LAWS(KAR)-1970-10-4

K T KADIRAPPA Vs. COMMISSIONER OF COMMERCIAL TAXES MYSORE

Decided On October 27, 1970
K.T.KADIRAPPA AND BROTHERS Appellant
V/S
COMMISSIONER OF COMMERCIAL TAXES, MYSORE Respondents

JUDGEMENT

(1.) The petitioner is a firm of excise contractors. The said firm paid health cess on shop rental. The said levy was challenged by the petitioner, among others, by a writ petition filed before this court. Against the decision of this court, the petitioner preferred C.A. No. 1595 of 1966 to the Supreme Court of India, who allowed the appeal and issued a mandamus directing the respondents to the said appeal to refund the health cess illegally collected under the Health Cess Act, 1962, from the petitioner. The decision of the Supreme Court was rendered on 26th September, 1966, and the same is reported in Shinde Brothers v. Deputy Commissioner, Raichur, and Others AIR1967 SC 1512 , [1967 ]1 SCR548b .

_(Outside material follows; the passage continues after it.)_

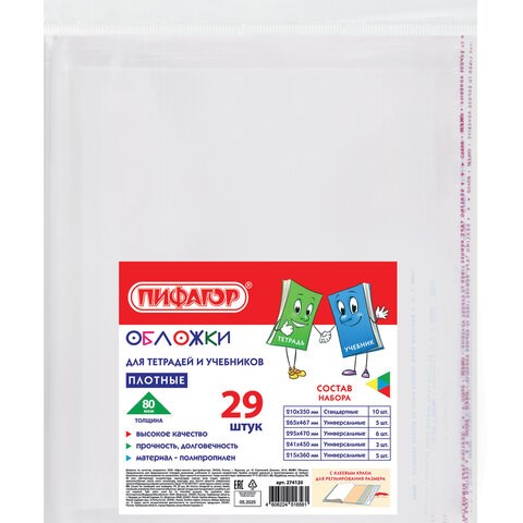 Обложки ПП для тетрадей и учебников, КЛЕЙКИЙ КРАЙ, НАБОР 29 шт., ПЛОТНЫЕ, 80 мкм, ПИФАГОР, 274120

(2.) After the decision of the Supreme Court the petitioner sent an application dated 7th July, 1967, to the Commissioner of Excise who was one of the respondents before the Supreme Court for refund of the health cess. On receipt of the said application the Commissioner of Excise in Mysore, Bangalore, issued a notice to the petitioner in September, 1967, to show cause as to why the health cess refundable to the petitioner should not be set off or adjusted towards the sales tax due from the sub-contractors of the petitioner. The petitioners submitted their objections wherein they contended that they are not liable for the sales tax assessed on the sub-contractors. An oral hearing was given to the petitioner's counsel. After hearing, the respondent - the Commissioner of Commercial Taxes - made the impugned order dated 20th October, 1967, by which he overruled the objections of the petitioner and ordered that a sum equivalent to the sales tax arrears due by the sub-lessees of the petitioner shall be withheld from the total amount of health cess refundable to the petitioner.

(3.) Aggrieved by the said order, the petitioners have preferred the above writ petition wherein they have sought, among other reliefs, a writ in the nature of certiorari quashing the impugned order made by the respondent. At this stage, it may be stated that Shri A. Jagannatha Shetty, the learned counsel for the petitioner, did not press the other reliefs prayed for in the writ petition.